Carol Morley’s acclaimed drama The Falling and a newly restored extract from a recently rediscovered silent film will be presented by the BFI at the festival.

Updated:

The Falling (2014)

The Falling (2014)

The BFI today announces UK activity at the Beijing International Film Festival (BJIFF). An excerpt from The Legend of the Willow Pattern Plate (1926), newly restored by the BFI National Archive, will screen at the opening night gala on Thursday 16 April. Carol Morley’s The Falling, supported by the BFI, is also screening in competition at the festival on Saturday 18 April with rising star Florence Pugh, who plays Abbie in the film, attending the red carpet premiere. With a UK-China Co-Production Treaty firmly in place, BFI CEO Amanda Nevill will be attending the festival and joining the panel at the Sino-Foreign Film Co-Production Forum on April 17, a major part of the festival organised by the China Film Co-Production Corporation.

Amanda Nevill, BFI CEO said:

“It is really important for the UK to be at the Beijing International Film Festival. Presenting this restored film from the BFI National Archive featuring Chinese history and culture and the hugely talented Carol Morley’s brilliant and compelling new film The Falling deepens the burgeoning relationship and cultural exchange between the UK and Chinese film industries. How symbolic to be presenting such an early example of a UK-China film collaboration The Legend of the Willow Pattern Plate and at the same time starting our journey towards making many more together.”

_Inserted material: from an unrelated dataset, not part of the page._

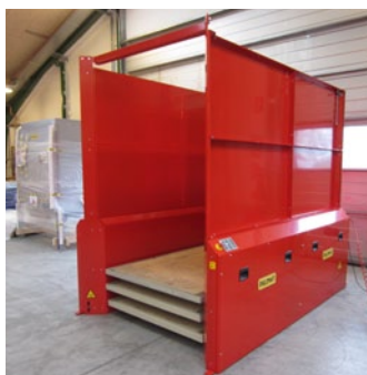
2400x1200x160 mm platforme

An extract of the restored The Legend of The Willow Pattern Plate will premiere with a live orchestral accompaniment at the festival’s opening night gala event on 16 April, 89 years after its original premiere in Shanghai at the Carlton Theatre on 8 April 1926. The film was thought to be lost until it was discovered by BFI curators researching the China on Film collection launched on BFI Player last year. It tells the tragic story of the elopement of a mandarin’s daughter with her father’s secretary, and how the vengeance of a disappointed suitor overtakes and destroys the two lovers. The film’s story was widely publicised as an authentic adaptation of a traditional Chinese legend. However, that ‘legend’ seems not to be Chinese at all, but in fact a concoction of 18th-century English potters – conjured up to help market their new ‘willow pattern’ decorated china, manufactured in the style of traditional Chinese porcelain. Shot in a Shanghai studio, with exterior scenes filmed in Hangzhou, the film was financed and produced by British American Tobacco and is significant as the first film with an all-Chinese cast to be distributed internationally. The film was a hit with British audiences and its London premiere on 27 February 1927 was attended by Queen Mary, who was captured on film leaving the theatre afterwards.

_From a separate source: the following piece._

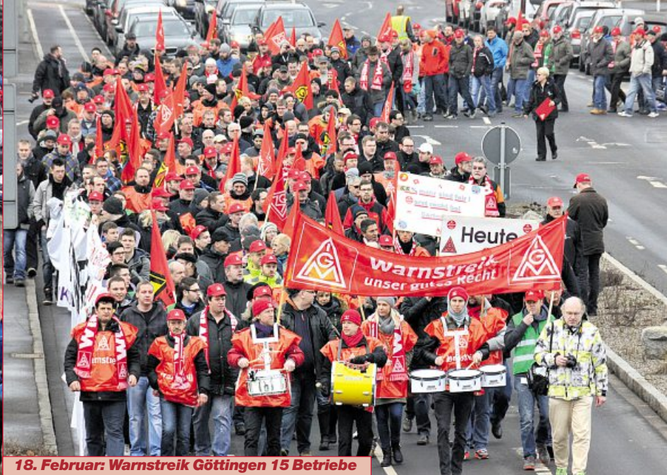
18. Februar: Warnstreik Göttingen 15 Betriebe

At the opening night gala of the festival, Amanda Nevill, BFI CEO will be presenting The Legend of the Willow Pattern Plate and the recent BFI National Archive restoration of Modern China, depicting life in Beijing in 1908, as a gift to the Beijing International Film Festival on behalf of the BFI.

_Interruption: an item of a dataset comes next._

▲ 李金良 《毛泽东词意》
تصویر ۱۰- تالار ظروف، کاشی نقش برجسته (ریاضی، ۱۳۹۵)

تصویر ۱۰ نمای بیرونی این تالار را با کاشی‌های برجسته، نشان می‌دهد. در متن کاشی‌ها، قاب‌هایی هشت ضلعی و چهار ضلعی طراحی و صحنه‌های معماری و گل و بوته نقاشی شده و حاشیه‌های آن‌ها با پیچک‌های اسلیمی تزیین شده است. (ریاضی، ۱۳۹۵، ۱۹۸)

The Falling is written and directed by Carol Morley (Dreams of a Life) and premiered at the 2014 BFI London Film Festival to critical acclaim. Set in 1969 at a strict English girls’ school it follows best friends charismatic Abbie and intense and troubled Lydia. After a tragedy occurs at the school, a mysterious fainting epidemic breaks out threatening the stability of all involved. The authorities claim that there is nothing seriously wrong, but Lydia refuses to accept this, and in seeking the truth, discovers a long buried secret.

BFI activity and involvement in the festival is part of a journey of cultural and industrial exchange between the BFI and China. At the GREAT Festival of Creativity, Shanghai last month the BFI presented of one of the earliest films of China to survive anywhere in the world from the BFI National Archive Nankin Road, Shanghai (1901). The BFI presented a year-long programme of activity with China: Electric Shadows in the UK in 2014,  including a series of rare early films entitled ‘Shanghai on Film: 1900-1946’ exploring life and landscape in Shanghai during the first half of the 20th century. The BFI has also hosted two film industry trade delegations to China in the last year and screened hugely successful presentations of the BFI’s restorations of Alfred Hitchcock’ early silent films across China in 2013.